TENNIS AUSTRALIAN OPEN:LI NA, the 28-year-old from Hubei province in the middle of China is two matches from expanding her profile beyond her fondest dreams in the final of the Australian Open.
If she can win this title, it will be China’s first in a grand slam. Yesterday she moved closer to the prize, beating Germany’s Andrea Petkovic in straight sets in 144 minutes.
Now she looks to Caroline Wozniacki, the world number one, in the semi-finals on Friday. Wozniacki has issues of her own: she is the world’s best player without a major to her name. Vindication here would silence a lot of critics. For much of this week, Wozniacki has embarked on a charm offensive with the media.
To some extent, it has worked. She was not brilliantly funny in the press conference she hijacked, and her kangaroo joke backfired spectacularly, but she has a bank of goodwill that will take some time to exhaust.
If Li, a one-time badminton hopeful whose coaches persuaded her to switch to tennis, is to be remembered for her part in China’s development, she will have to get past Wozniacki. Only then will she be on the way to validating the system that made her and highlighting its misgivings.
She has got this far in her career with serious financial backing as a junior but she has blossomed since, free of the shackles of her mentors. It is a mutually acceptable stand-off between state and individual. Li abandoned the state sponsorship of her communist country principally to ensure she could choose her own coach – her husband – and the venues at which she wanted to compete. She has done that to near perfection.
Out on her own here in the Melbourne sunshine she beat Petkovic with startling ease. She might be about to fulfil her promise. Hardcore fans have tracked her progress. Others will wonder whence she came. “I was at university, 2002 to 2004,” she said. “Those were two years I didn’t play tennis because I was thinking about my low ranking, always, like, around 120. But I never have a chance to play big tournaments, always play challenge.
“So I feel, okay, I should give up. I couldn’t find anything positive. I went to university for two years and for two years I wanted to come back to tennis. This is my life. I couldn’t do what other people do, as well as people after university looking for some job. But, after two years, I was feeling okay. I’m grown up, I should stand up to try my best.”
She revealed her mother has never seen her play. “If I win, and my (mother) talks, she wins too. Then she can start the video . . . I just got a text message from uncle, my mum, brother: ‘Everyone says good job.’ I say, where is my mum? Oh, she’s somewhere else. You need to stay focused. Sometimes that’s what’s going to happen.”

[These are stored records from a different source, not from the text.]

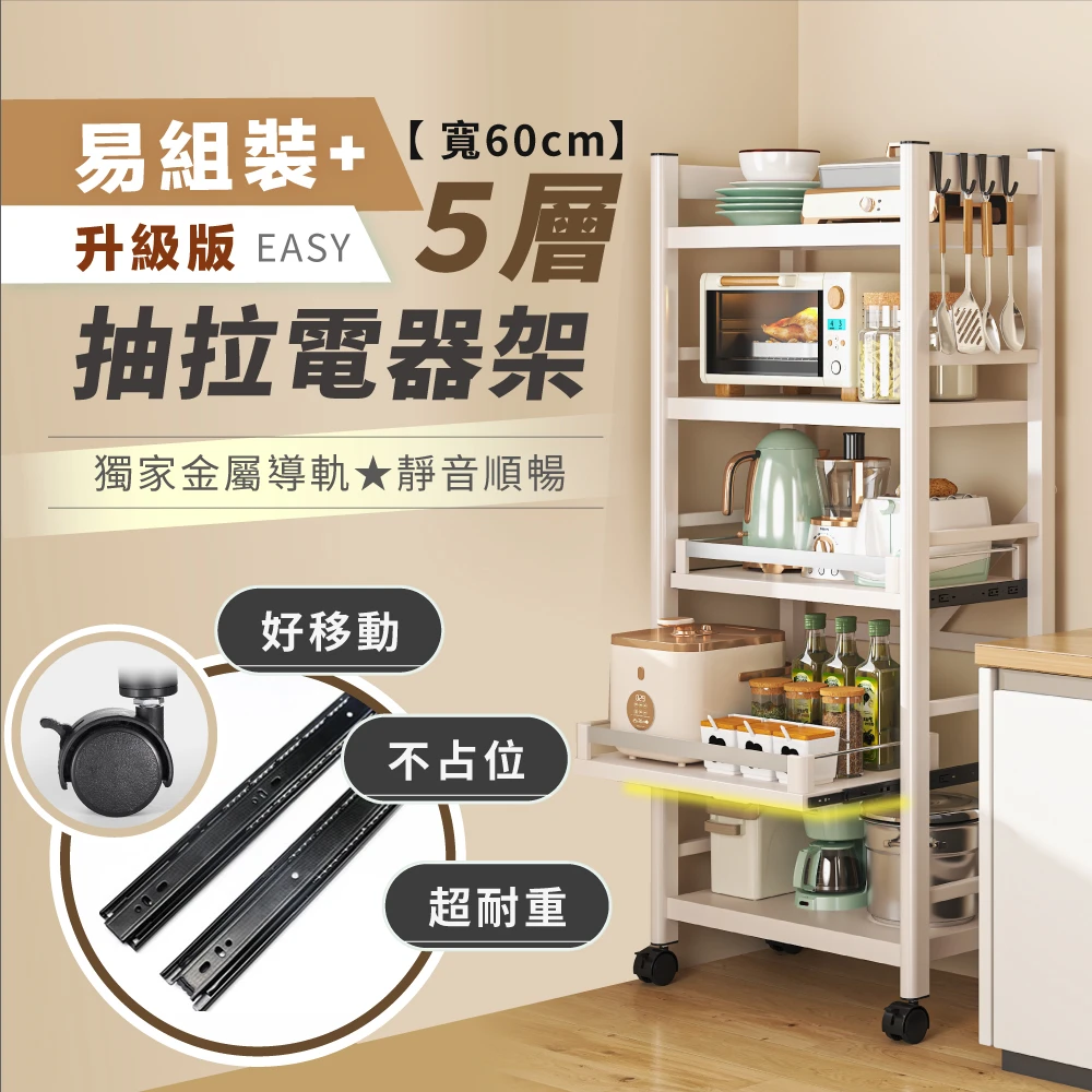慢慢家居 五層60寬-廚房可移動置物電器架(鐵架/收納/櫃子/電器櫃/層架)
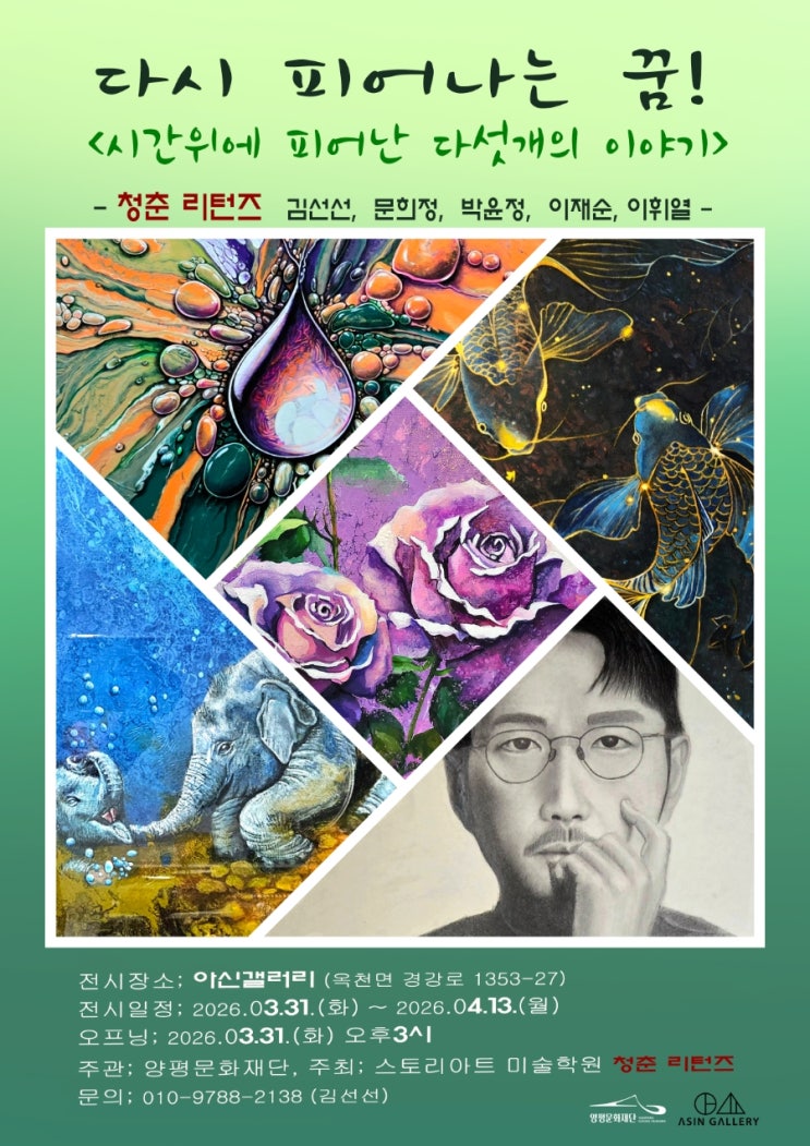 “꿈에는 유효기간이 없다” 시니어 예술가 5인의 이야기, 《청춘리턴즈 – 다시 피어나는 꿈》 아신갤러리에서 개최 아신역 내 아신갤러리에서 시니어 예술가 5인의 그룹전 **《청춘리턴즈 – 다시 피어나는 꿈》**이 오는 3월 31일부터 2주간 개최된다. 이번 전시는 스토리아트 미술학원 시니어 작가들이 참여하여, 나이를 넘어 다시 피어나는 창작의 열정과 삶의 이야기를 담아낸다. ■ “끝이 아닌, 또 다른 시작” 시니어 예술가의 창작을 조명하다 이번 전시는 ‘나이 듦’을 끝이 아닌 새로운 시작으로 바라본다. 참여 작가들은 각자의 삶 속에서 축적된 경험과 감정을 바탕으로, 오랜 시간 품어온 꿈을 예술로 다시 피워낸다. 전시는 시....... <img src="https://blogthumb.pstatic.net/MjAyNjAzMjBfMjY4/MDAxNzczOTc0MzE1NzY5.6qUACd7uh7QdcMxCirnZao1xJrm3wOQku7wH02ybDBsg.8d5QahClfkYpC7jJcJgQYjuNgQfRSEGgLRzzHZ6gH-Qg.JPEG/900%A3%DF1773973895490.jpg?type=s3" />
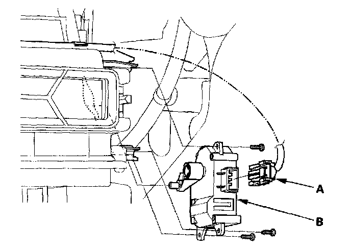 2. Disconnect the 7P connector (A) from the recirculation control motor (B). Remove the self-tapping screws and the recirculation control motor from the blower unit.
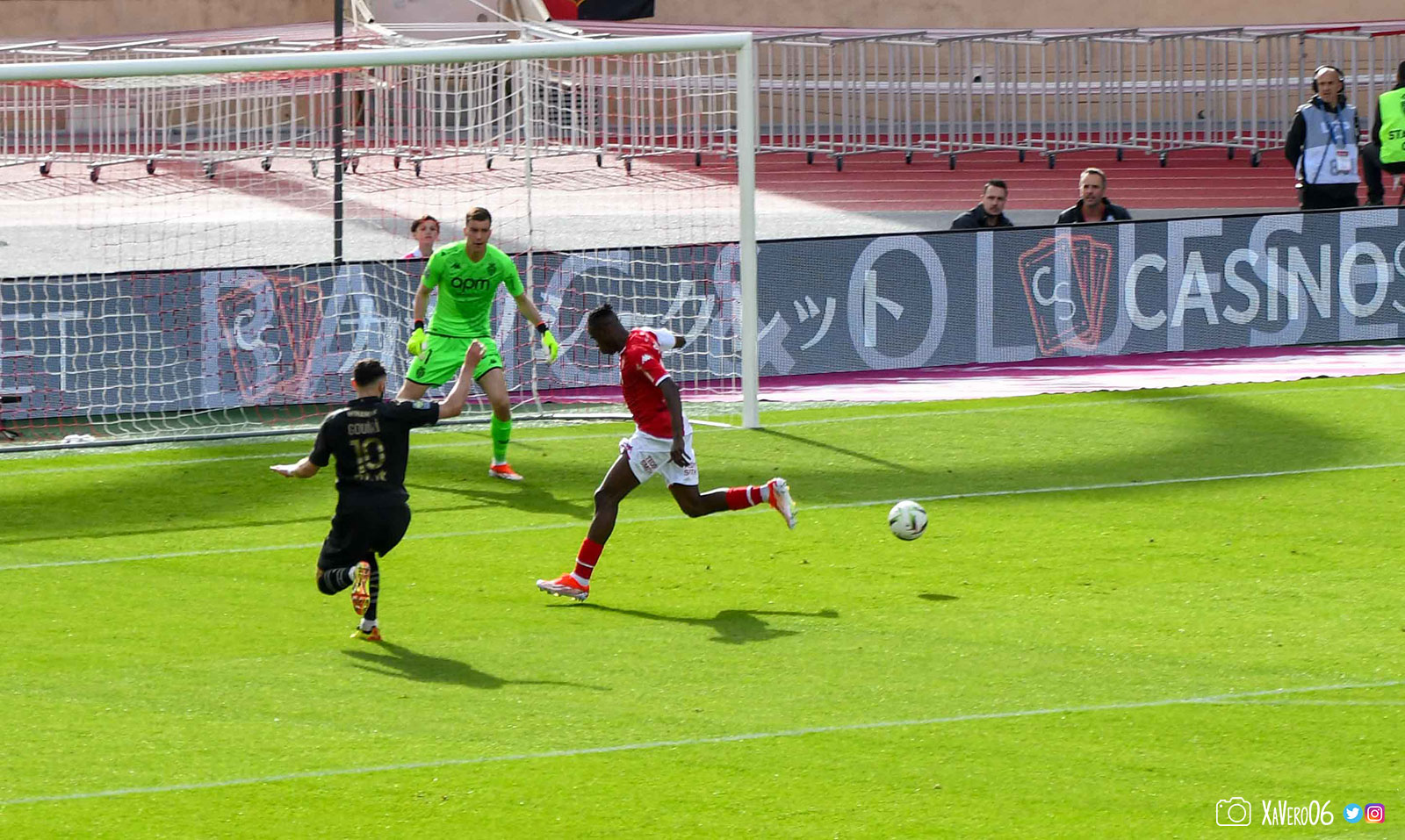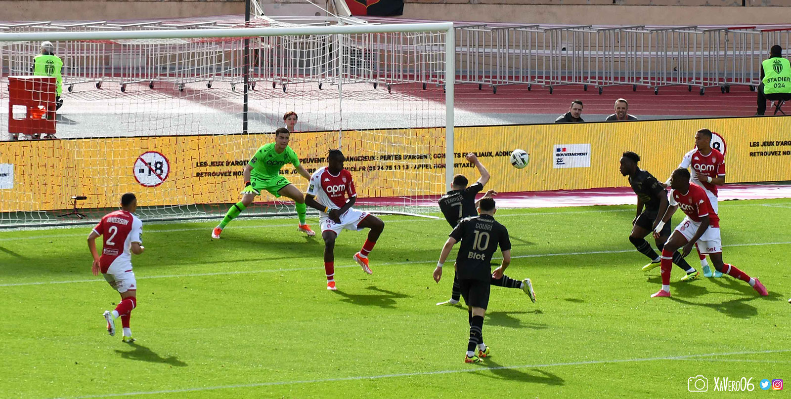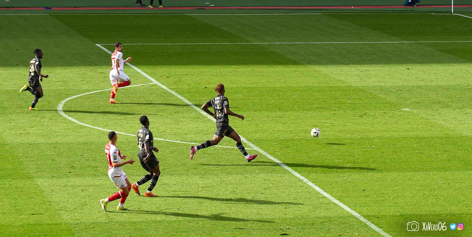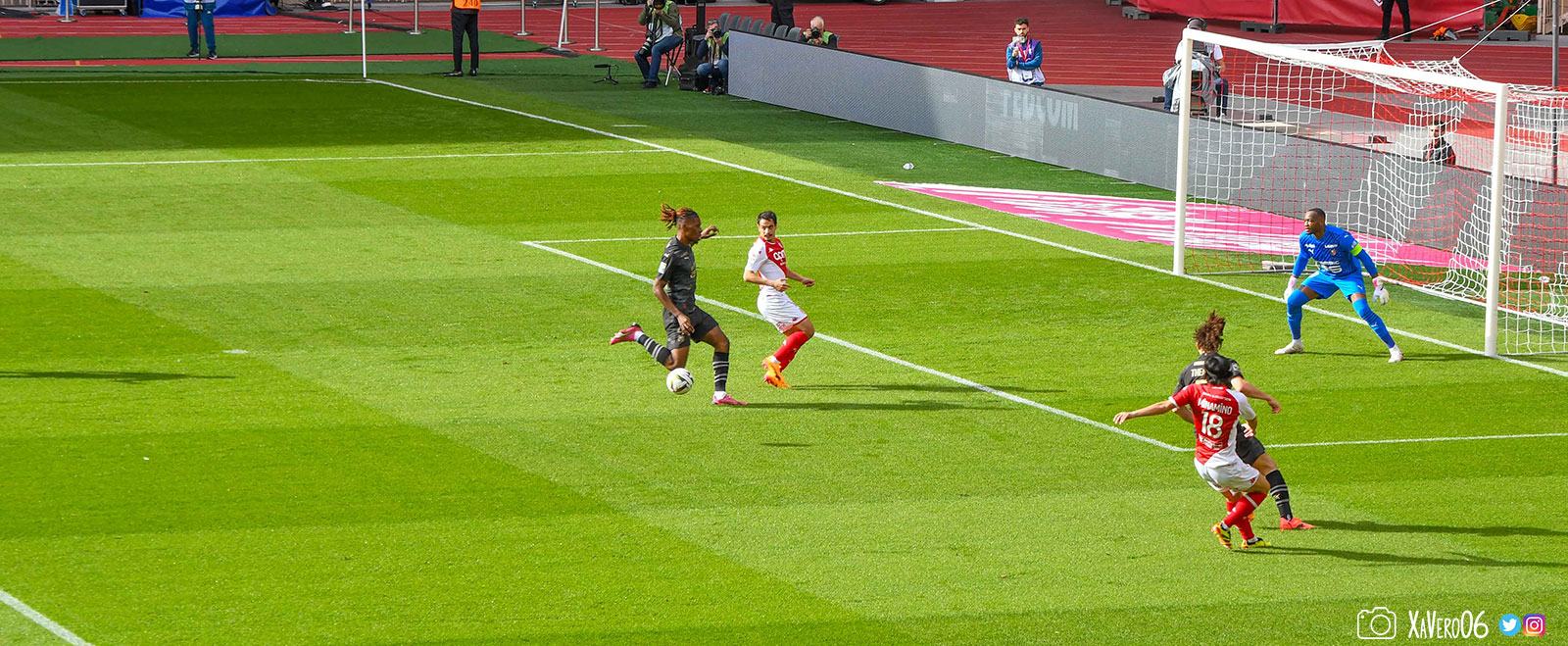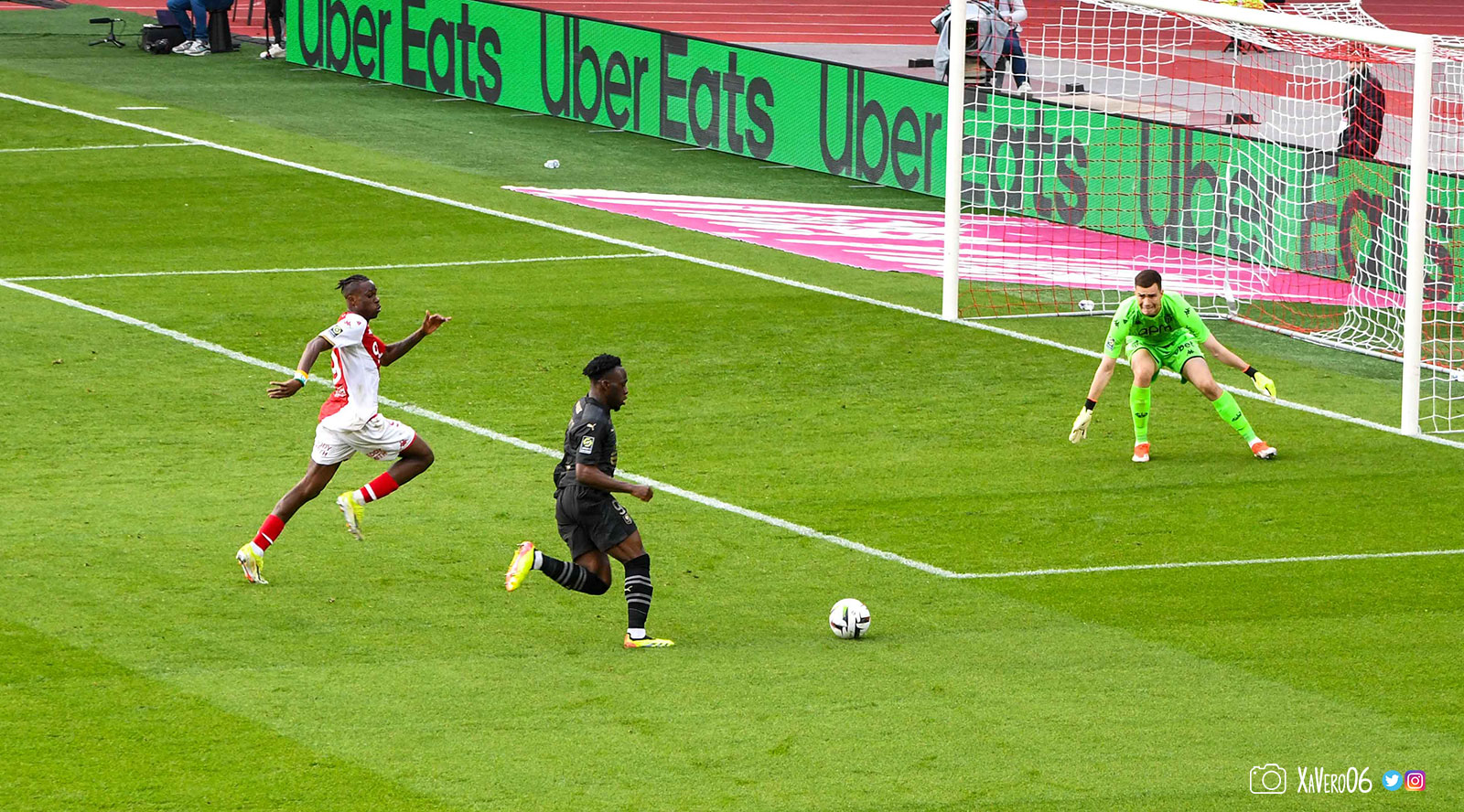 Attaque de l'ASM, avec un centre de Vanderson côté droit. Seidu est trop court au second poteau et prolonge du crâne derrière lui, sur Akliouche à l'angle des 6m, qui contrôle, feinte la frappe en centrant en retrait pour Minamino devancé par le tacle de Matusiwa. Corner (45e+1).
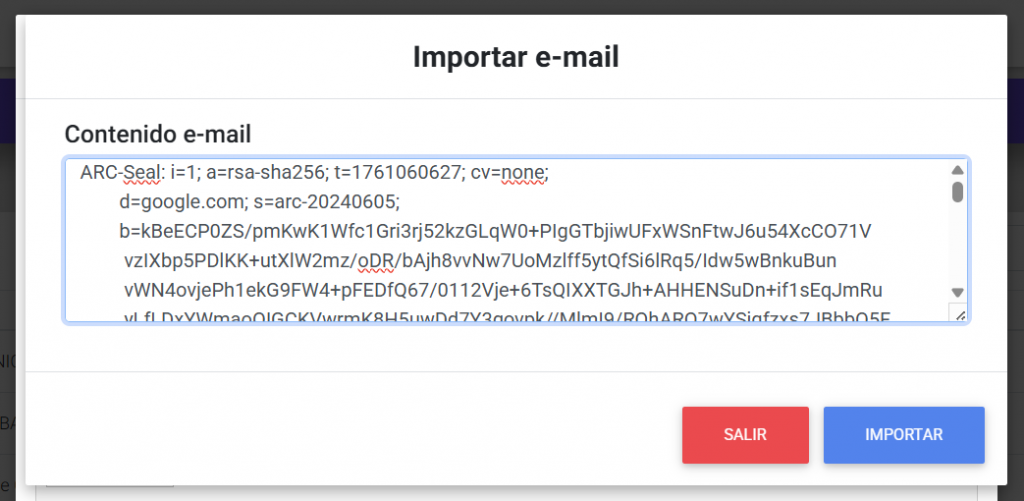 3. Pega lo copiado en el recuadro “Contenido e-mail” y haz click en el botón “Importar”

Wozniacki is an altogether different story. She is richly endorsed, guaranteed wealth beyond her dreams and utterly humble. When she skated past the Italian veteran Francesca Schiavone, she might have played her toughest match of the tournament, or maybe even her career.
She came from a set and 3-1 down to go through in three sets. “It was very difficult. Francesca was playing well. It was tough for me to get the right rhythm. I don’t mind playing three-setters in general. I feel in good shape and I can keep playing out there. So I was just trying to stay in the match. She still hadn’t won it. When I went to the third set, I was really pumped and ready to go out there and fight until the last ball.”
She did not need to do that exactly, as Schiavone ran out of legs. She had, after all, taken part in the longest women’s game in slams only 48 hours before – even if she was not complaining.
Schiavone took her licks with all the equanimity she accepted the plaudits of sport’s fickle constituency. When asked if she worried about reclaiming the number one ranking in women’s tennis, she was suitably flippant. “I don’t think about the rankings. I just want to try to win every match I’m playing, and then we’ll see what happens. If I’m number one, it’s fantastic.”
A thorny issue that has been raised again in this tournament is that of coaching from the sidelines. “I like it,” Wozniacki said. “I think it’s a good thing. It makes it more interesting. I think that the crowd likes it more also that they hear it at home, what we talk about. ”
Li will do well to beat Wozniacki, with or without courtside coaching. But she has wondrous footwork and a hunger for work on the court that is frightening.
This might be a match too far for Wozniacki, who looks to be physically fading. And that is no wonder, given she had to stretch herself to the limit against the grand lady of her sport.